_DESCRIPTION OF THE TASK_
Return only the lines running from the one that contains "Все шапочки связаны" through the end of the entries, exactly, both ends included. Omit pictures.
──────────────────────────────
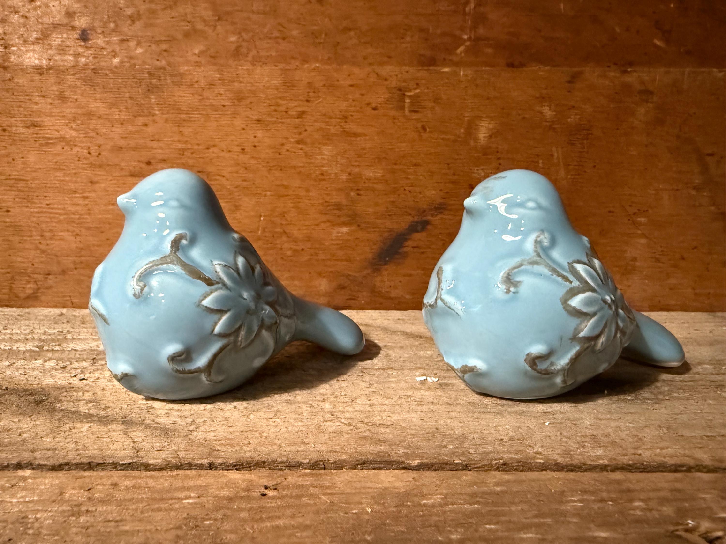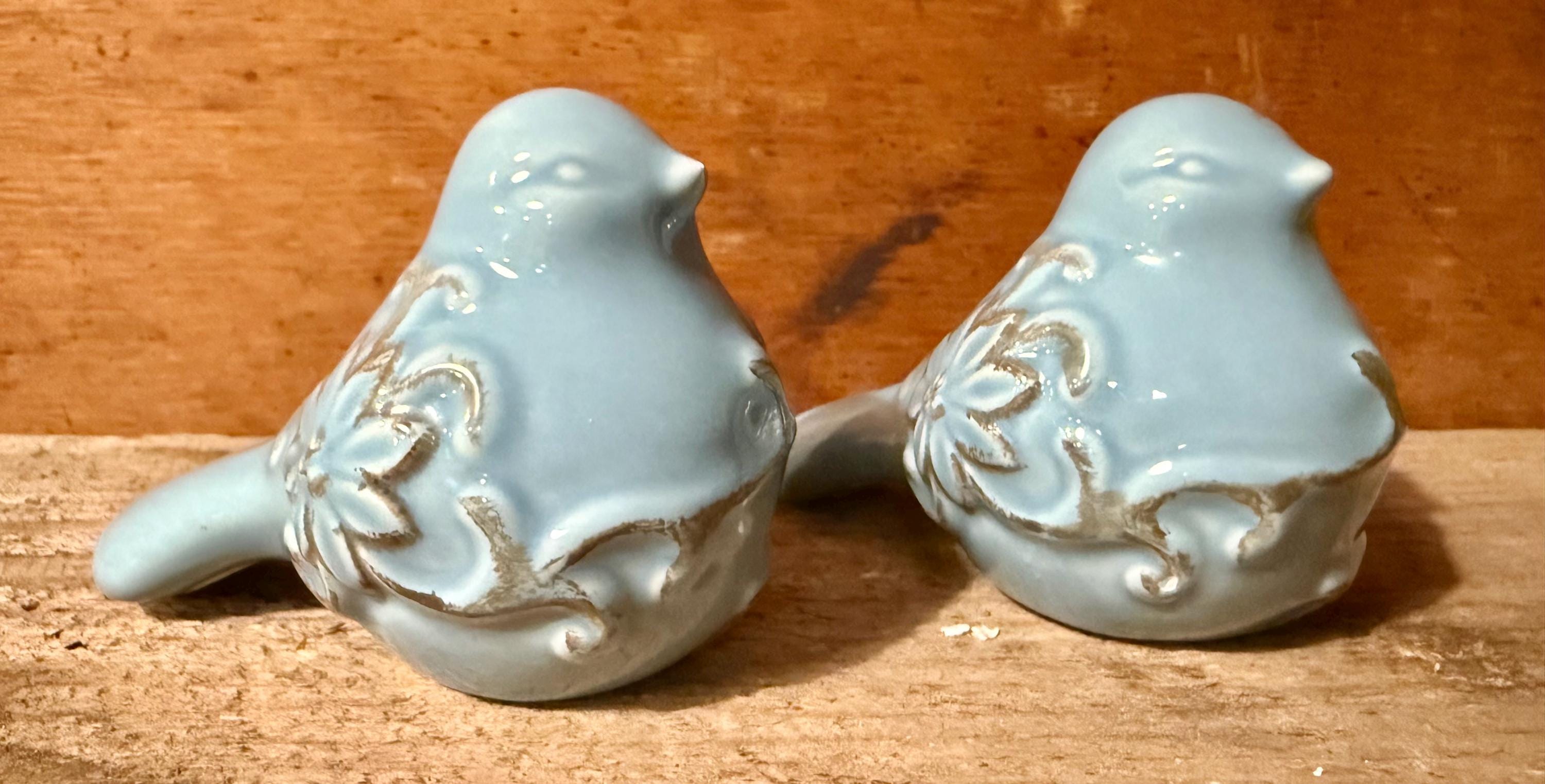 A pretty little pair of birds to sit just about anywhere and brighten up someone's day. This listing is for a set (two) 2 birds. Made of high-quality glazed ceramic, they are sturdy. Free of chips and cracks. They are lightly distressed with a floral pattern.
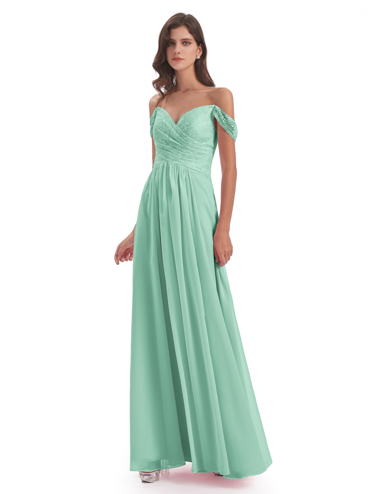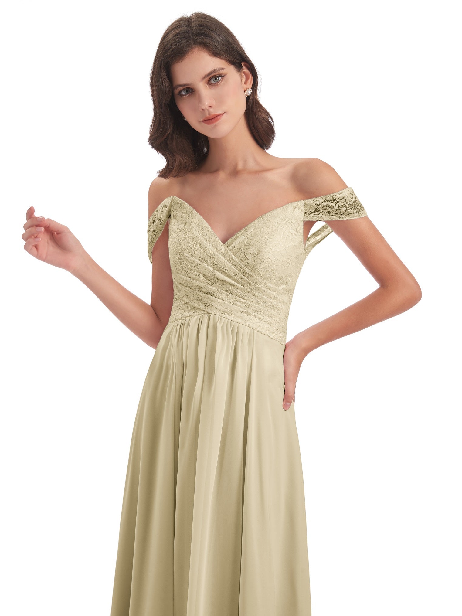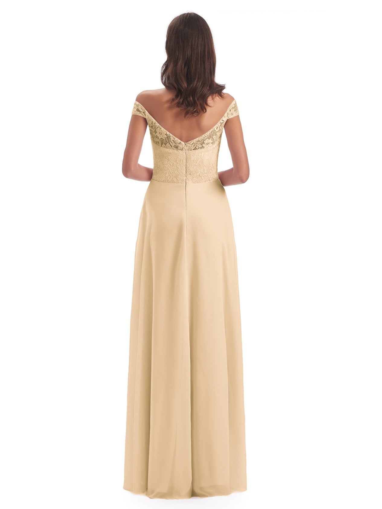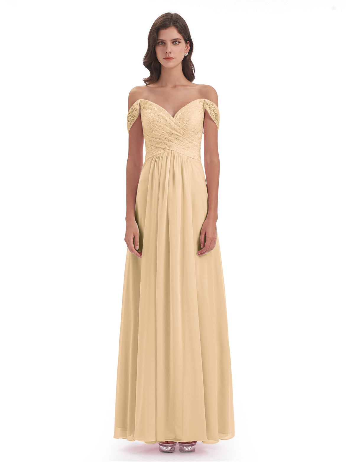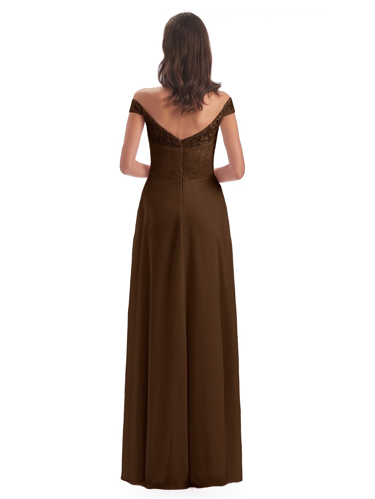 Marjorie A-Linie Bodenlange Schulterfreie Spitze/Chiffon Lange Brautjungfernkleider
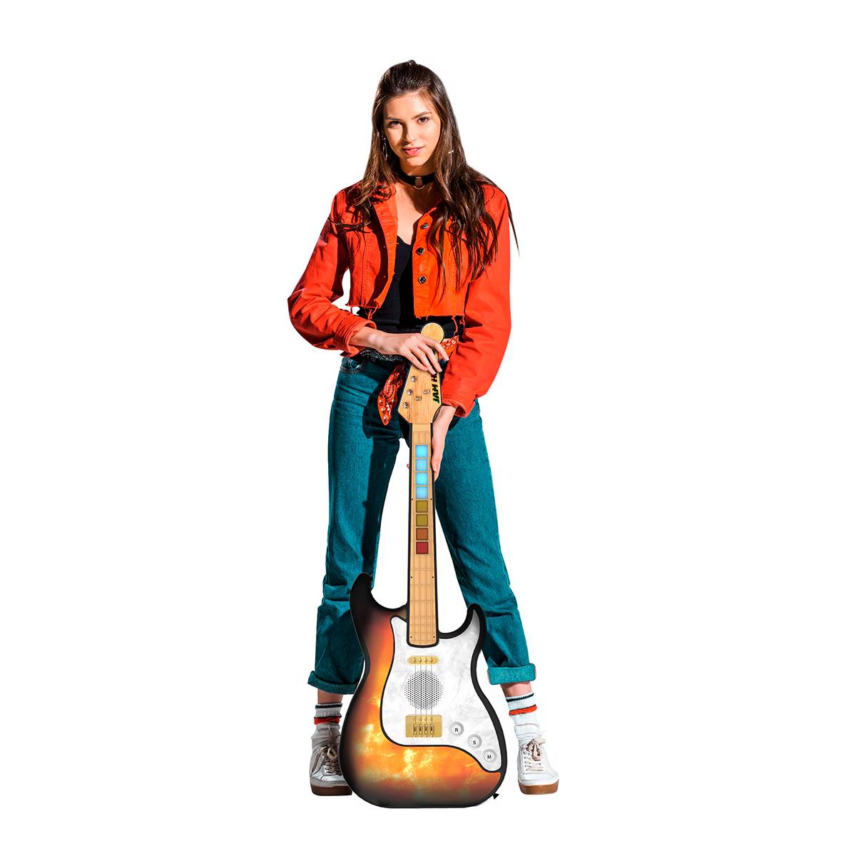 Con la Guitarra Eléctrica JAM HERO 3 de tamaño real, vivirás la experiencia de tocar una guitarra auténtica con un toque moderno e interactivo. Esta guitarra electrónica está equipada con sensores táctiles y 8 pads LED en el mástil, permitiendo aprender y tocar de forma intuitiva y divertida.Gracias a sus más de 300 sonidos integrados, podrás tocar acordes mágicos, solos espectaculares, acompañamientos, acapellas y hasta 50 ritmos musicales diferentes. Además, incluye 10 estilos de guitarra que van desde el rock, pop o reggae hasta blues y balada
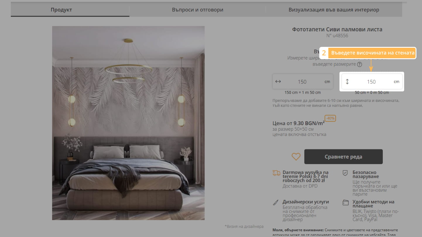 2. Въведете височината на стената
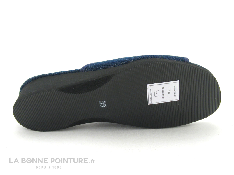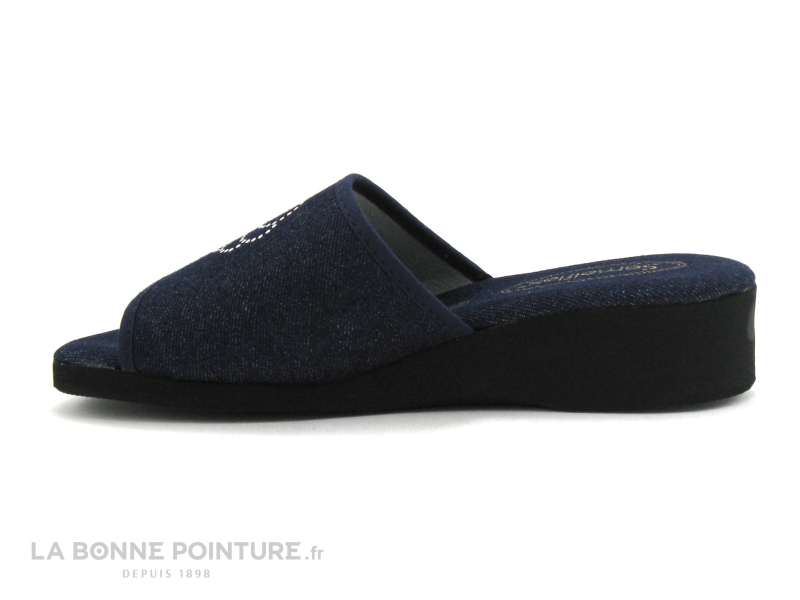 La semelle de propreté des pantoufles Semelflex Isis est bien moelleuse, en toile bleu marine.
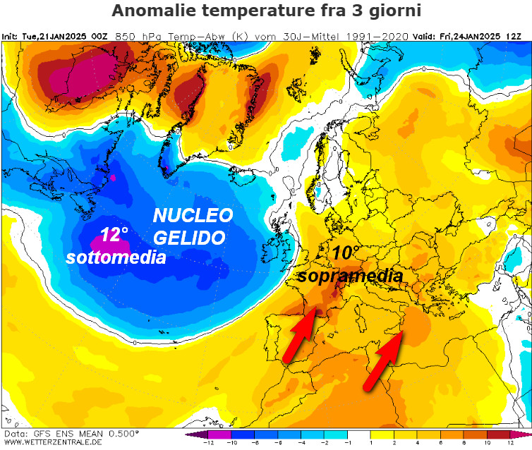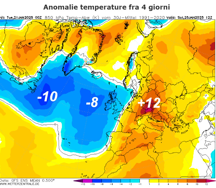 La seconda mappa mostra le anomalie termiche a 1500 metri previste in Europa nelle ore centrali di sabato 25 gennaio:
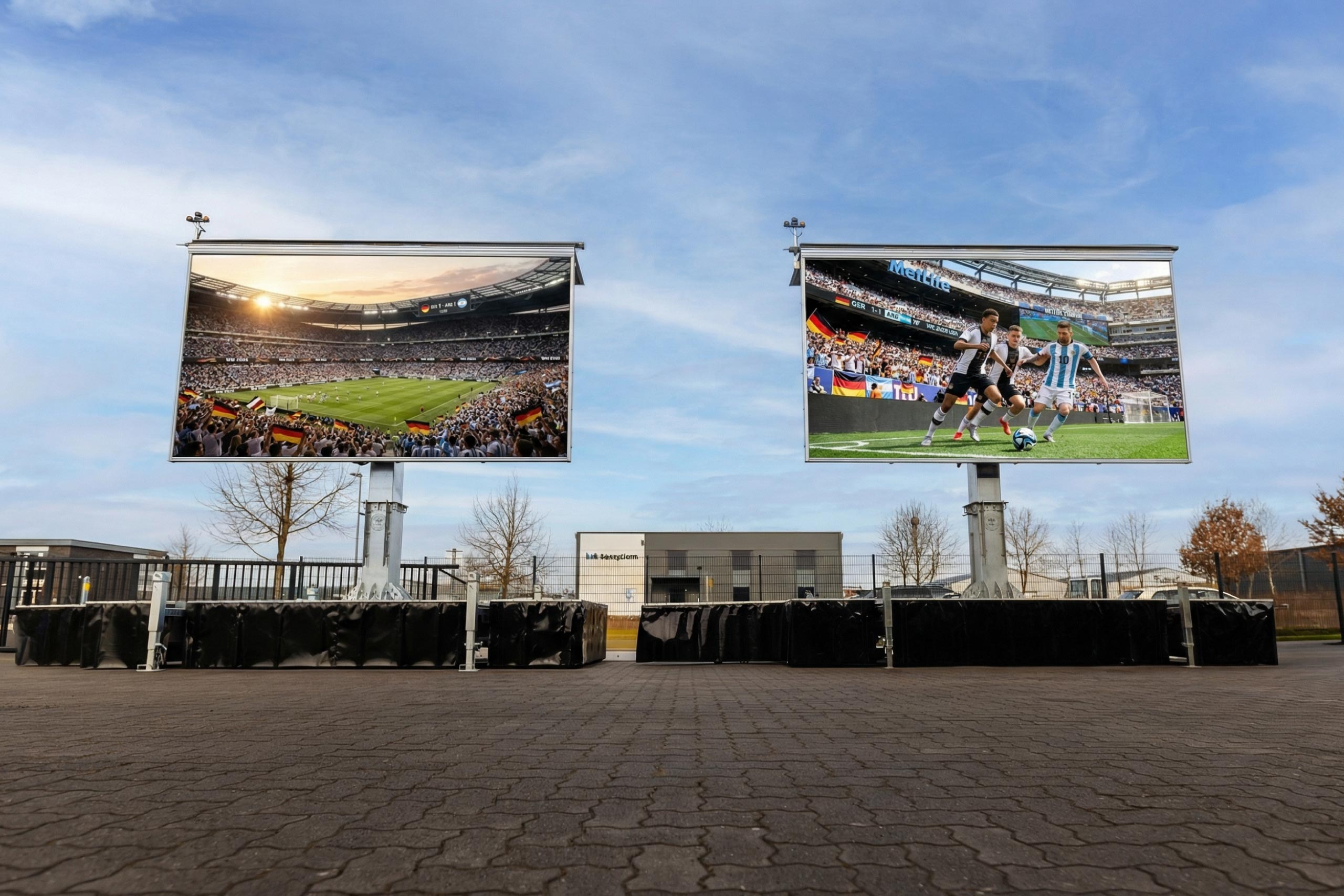 520 cm Bilddiagonale, TÜV-geprüft, in 30 Minuten betriebsbereit. Perfekt für Public Viewing, Live-Kamerabilder auf Festivals oder als Infotafel.
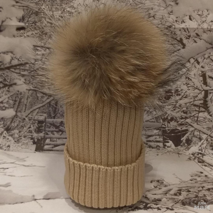 Все шапочки связаны из 100% итальнского мериноса и укомплектованы большими помпонами из енота в тон.
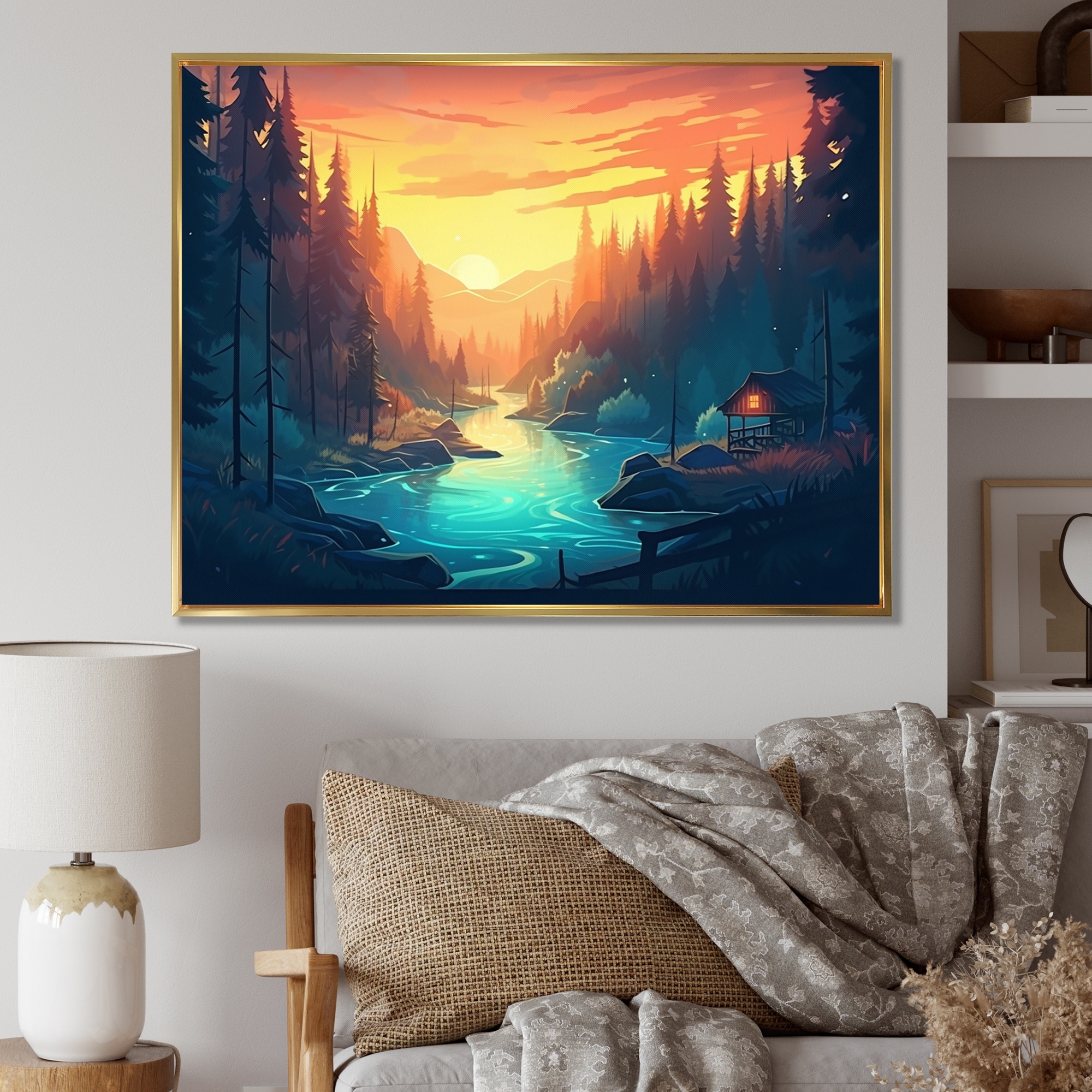 Designart "Vibrant Forest With Sunrise I" Landscape Forest Framed Wall Art Prints
──────────────────────────────
_SOLVED PROBLEM_
 Все шапочки связаны из 100% итальнского мериноса и укомплектованы большими помпонами из енота в тон.
 Designart "Vibrant Forest With Sunrise I" Landscape Forest Framed Wall Art Prints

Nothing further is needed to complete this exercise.